** Task objective **
Would you transcribe the listing that follows, character for character, and omit its images?

** Data shown **
----------
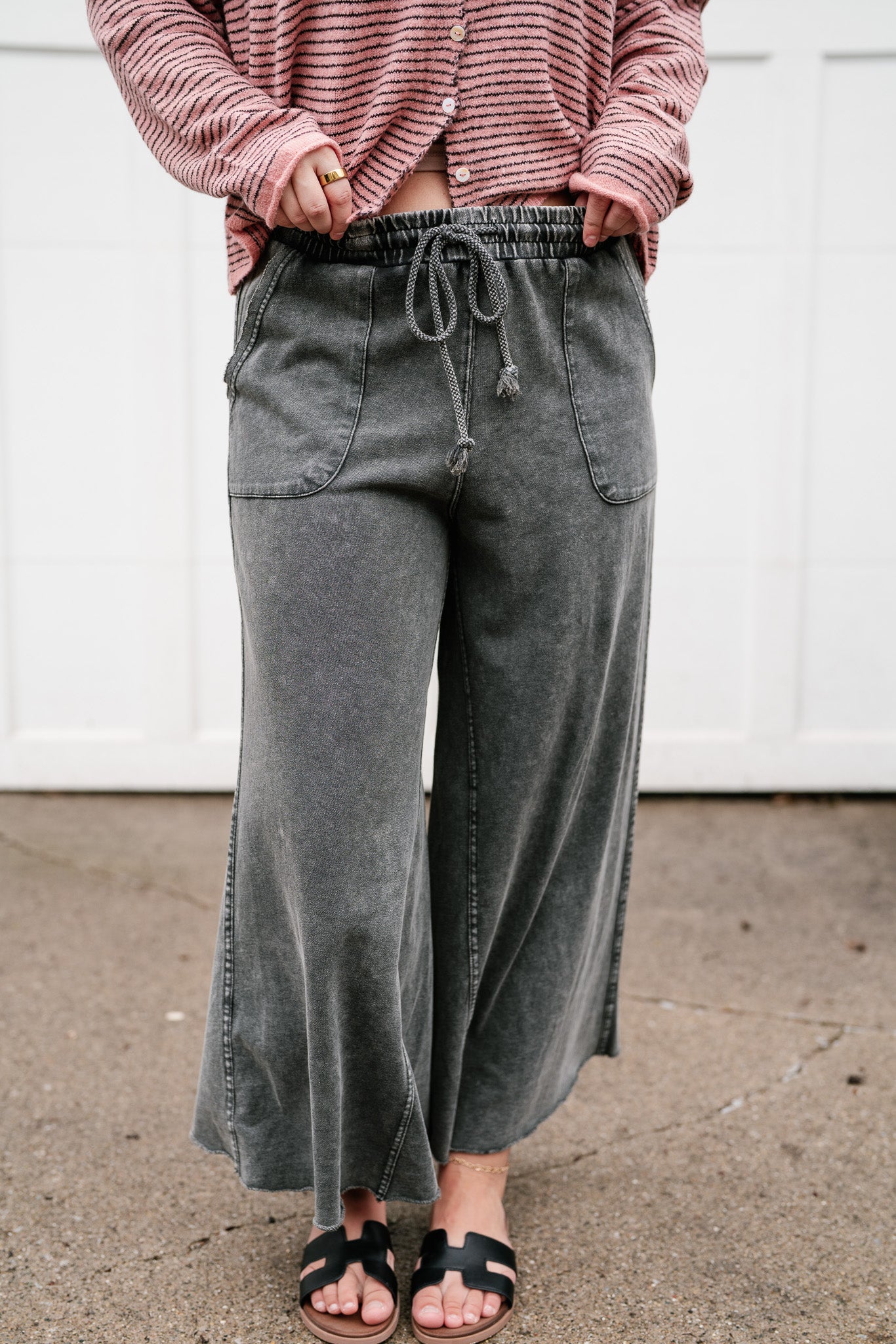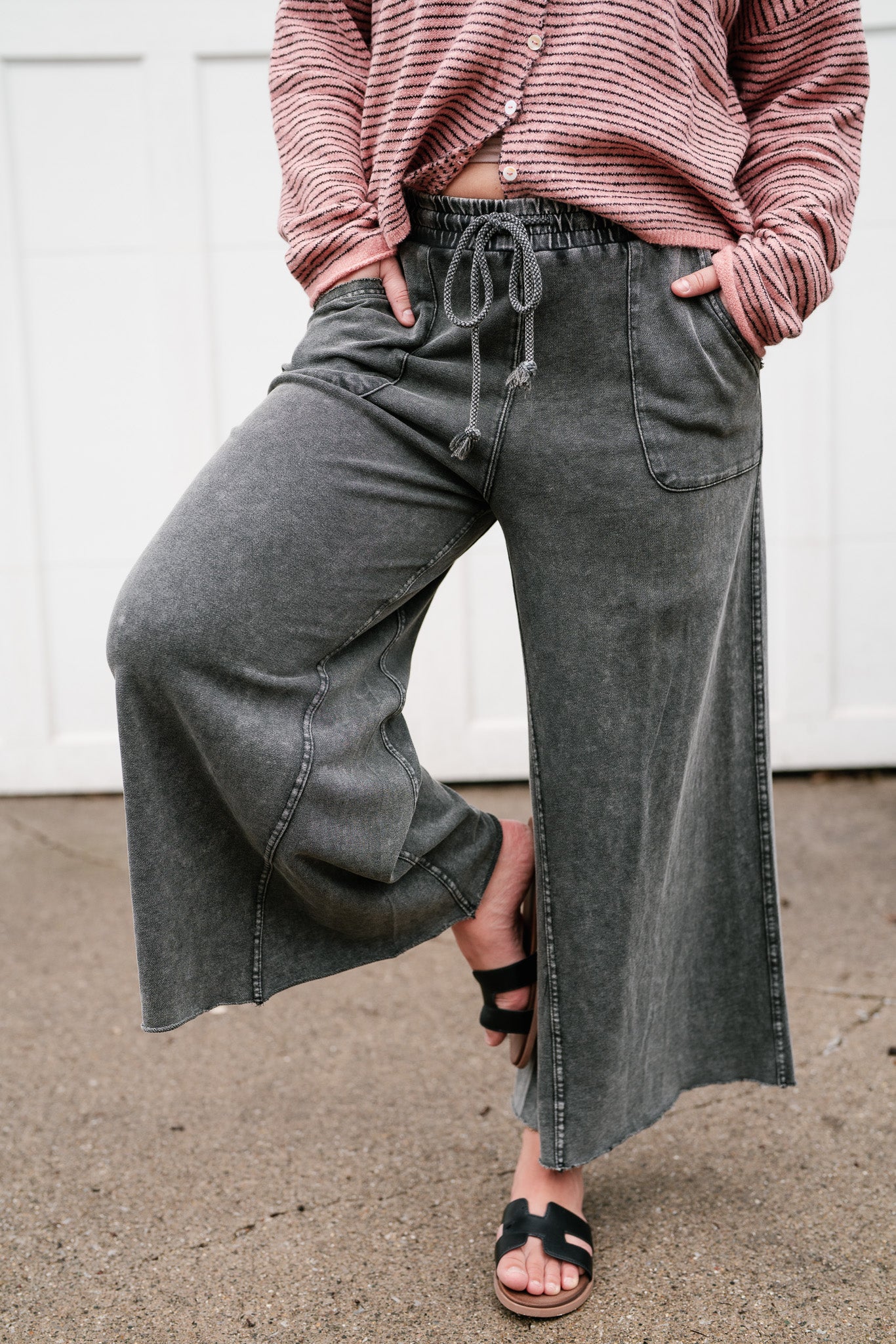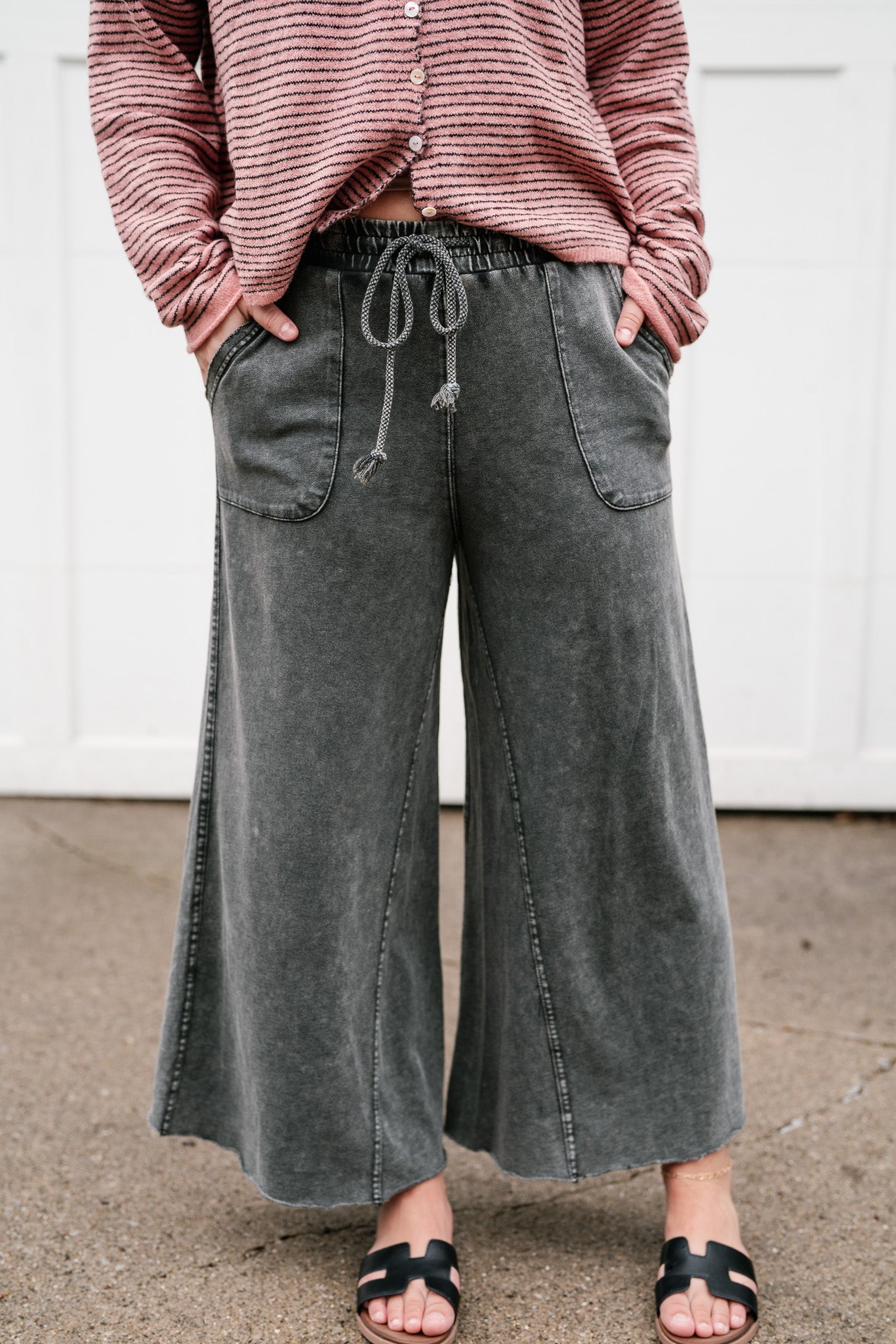 Elevate your everyday style with these ultra-soft, mineral-wash wide-leg pants in a stunning faded black. Featuring a flexible drawstring waist, they offer a seamless transition from cozy loungewear to chic street style. Feel effortlessly polished in the ultimate comfort staple.
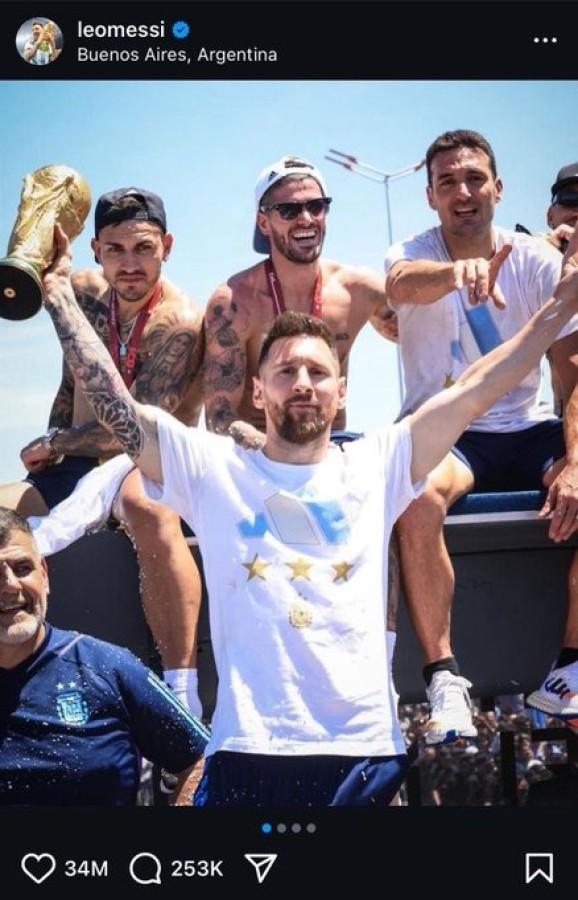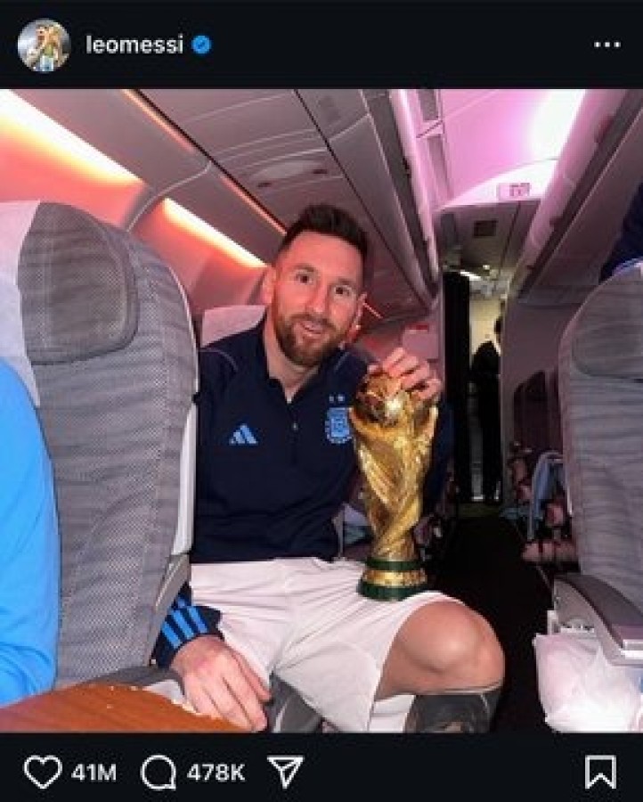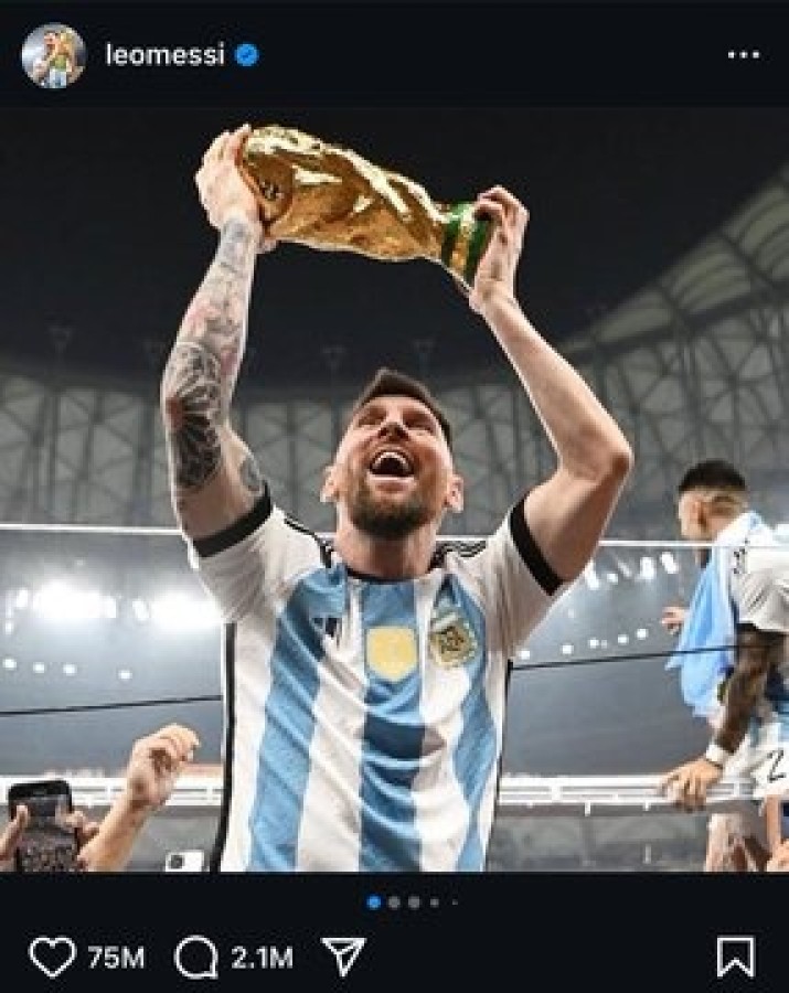 Messi 75 milyon beğeni ile gerçek bir şampiyon. Arjantin ile Dünya Kupası zaferini kutladığı anı Instagram'da paylaştı ve bu paylaşım, platform tarihinin en fazla beğeni alan gönderisi olmuş durumda.
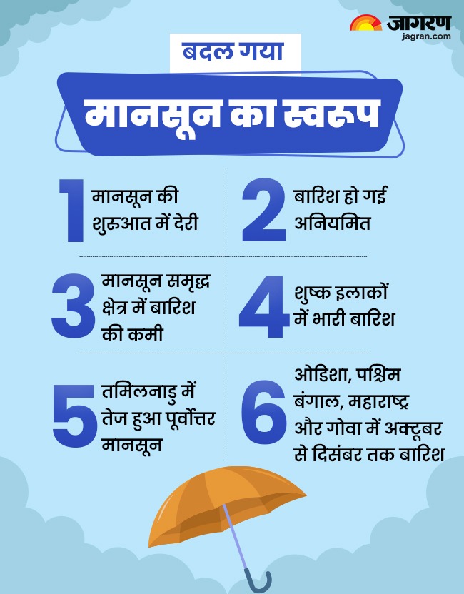 भारत के मानसून का पैटर्न बदलने के पीछे कई कारण हैं। बारिश अब ज्यादातर अनियमित हो गई है। मानसून की शुरुआत में देरी होने लगी है, जिससे खेती-किसानी प्रभावित होती है और कई इलाकों में सूखा पड़ जाता है। कई जगहों पर सूखा पड़ा होता है तो कई जगहों पर भारी बारिश हो जाती है। इसमें जलवायु परिवर्तन की मुख्य भूमिका है। हिंद महासागर का गर्म होना, वैश्विक वायुमंडलीय बदलाव और शहरीकरण मानसून के पैटर्न को बदल रहा है।
----------
** Expected output **
 Elevate your everyday style with these ultra-soft, mineral-wash wide-leg pants in a stunning faded black. Featuring a flexible drawstring waist, they offer a seamless transition from cozy loungewear to chic street style. Feel effortlessly polished in the ultimate comfort staple.
 Messi 75 milyon beğeni ile gerçek bir şampiyon. Arjantin ile Dünya Kupası zaferini kutladığı anı Instagram'da paylaştı ve bu paylaşım, platform tarihinin en fazla beğeni alan gönderisi olmuş durumda.
 भारत के मानसून का पैटर्न बदलने के पीछे कई कारण हैं। बारिश अब ज्यादातर अनियमित हो गई है। मानसून की शुरुआत में देरी होने लगी है, जिससे खेती-किसानी प्रभावित होती है और कई इलाकों में सूखा पड़ जाता है। कई जगहों पर सूखा पड़ा होता है तो कई जगहों पर भारी बारिश हो जाती है। इसमें जलवायु परिवर्तन की मुख्य भूमिका है। हिंद महासागर का गर्म होना, वैश्विक वायुमंडलीय बदलाव और शहरीकरण मानसून के पैटर्न को बदल रहा है।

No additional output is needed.